High physical exertion during healthcare work is a documented risk factor for musculoskeletal pain, long term sickness absence and disability pension. Understanding the underlying factors of physical exertion is important to make the necessary preventive efforts in the working environment.

OBJECTIVE:

This study investigates factors associated with high physical exertion during healthcare work.

METHODS:

A total of 2047 Danish health care workers replied to a questionnaire about work and health.
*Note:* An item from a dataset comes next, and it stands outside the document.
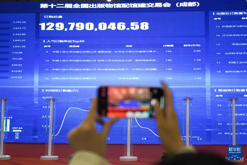 10月11日,參展商在全國(guó)出版物館配館建交易會(huì)現(xiàn)場(chǎng)拍攝實(shí)時(shí)交易數(shù)據(jù)。

Associations (odds ratios; OR) of physical exertion (outcome variable) with the number of patients and self-reliant patients, frequency and type of assistive device use, BMI, leisure time activity, smoking, and age were modelled using mutually adjusted binary logistic regression.

RESULTS:

Factors associated with high physical exertion (OR and 95% CI) were high frequency of daily patient transfers 1.35 (1.23 – 1.48), less self-reliant patients 0.74 (0.62 – 0.89), less frequent use of necessary assistive devices 1.82 (1.50 – 2.21), as well as more frequent use of sliding pieces 1.23 (1.04 – 1.46), wheelchairs 1.23 (1.02 – 1.49), bed adjustments 0.88 (0.77 – 1.00) and intelligent beds 0.83 (0.71 – 0.95) during patient transfer. Age and lifestyle factors (BMI, smoking, and leisure time physical activity) were not associated with high physical exertion.

CONCLUSIONS:

The character of patient transfer specific healthcare work is associated with increased odds for high physical exertion whereas life-style factors are not. Thus, proper use of specific assistive devices and avoiding uneven distribution of difficult patients through appropriate planning may be protective strategies for lowering physical exertion during healthcare work.

Keywords

Musculoskeletal pain ergonomics occupational nursing assistive devices

1 Introduction

Although the global shortage of the healthcare work force is caused by multiple factors [1], one of the driving forces seems to be related to the character of the work and the associated health-related consequences [2]. Healthcare work is physically strenuous and includes, for example, frequent exposure to sudden and high loadings of the spine while twisting and bending the back during patient transfer [3]. Prospective studies have shown that physical exertion during healthcare work increases the risk of musculoskeletal pain [4 –8], long term sickness absence [9, 10] and disability pension [11 –13].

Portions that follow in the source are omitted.